Федька внимательно следил за беглецами, которые – очень вовремя! – устроили совещание. И сгорал от нетерпения.
Наконец они приняли решение и сели на пол – обуваться. Похоже, они собрались уходить, не причинив никому вреда, и это радовало. Но Федька торчал у высокого окна, пока они не подпоясались натуго и не вышли тихонько в сени. Демка повернул голову и показал темному окну длинный язык. Тогда только Федька отлип от стенки и соскочил в снег.
Беглецы вышли во двор, и Федька из чистого баловства залаял – как если бы псина была тут же, за углом. Они ускорили шаг, вышли на улицу и встали, соображая, в какой стороне Москва и в какой – Черкизово.
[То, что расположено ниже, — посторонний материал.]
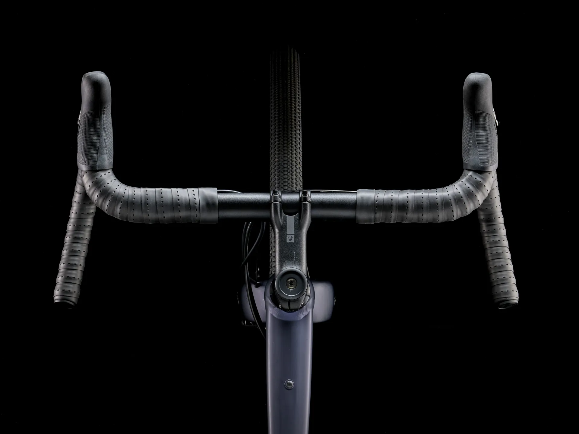 Size 49: Bontrager Elite Gravel, 38cm width; Size 52: Bontrager Elite Gravel, 40cm width; Size 54, 56: Bontrager Elite Gravel, 42cm width; Size 58, 61: Bontrager Elite Gravel, 44cm width

Наконец верно определили направление и пошли скорым шагом.
Федька дождался, пока Демка выйдет из сеней. Теперь на нем уже была не ужасающая изгвазданная шуба, а такой же ловкий и опрятный овчинный полушубок, как у Федьки. Они подошли к забору и подождали, пока беглецы отойдет чуть подальше. Потом двинулись следом – один с одной стороны улицы, второй с другой, моля Бога, чтобы беглецы переполошили здешних собак. Тогда по одному лаю уже можно будет следить за их продвижением.
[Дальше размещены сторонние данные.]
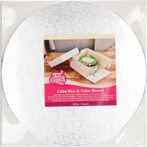 Praktische weiße Kuchenbox von FunCakes mit festem runder Unterlage (3 mm) ist eine ideale Lösung zum Transportieren und Aufbewahren von hausgemachten Kuchen. Die Box besteht aus hochwertigem festen Karton, hat einen separaten Deckel und durch ihre Konstruktion kann sie im normalen Gebrauch wiederholt verwendet werden. Zum Lieferumfang gehört auch eine strapazierfähige runde Unterlage, die dem Kuchen eine stabile Basis bietet und das Handling beim Transport oder Servieren erleichtert.

Лай был, но умеренный и бесполезный – беглецы шли все прямо да прямо. Миновав дома, они вышли на открытое место и остановились, словно решая – куда двигаться дальше. Остановились и Федька с Демкой. Не в силах усмирить нетерпение, Федька перебежал к Демке.
– Чует мое сердце, свернут к Измайлову, – прошептал Демка. – Там-то есть, где не то что шайку – всю турецкую армию спрятать… И до тракта бежать недалеко…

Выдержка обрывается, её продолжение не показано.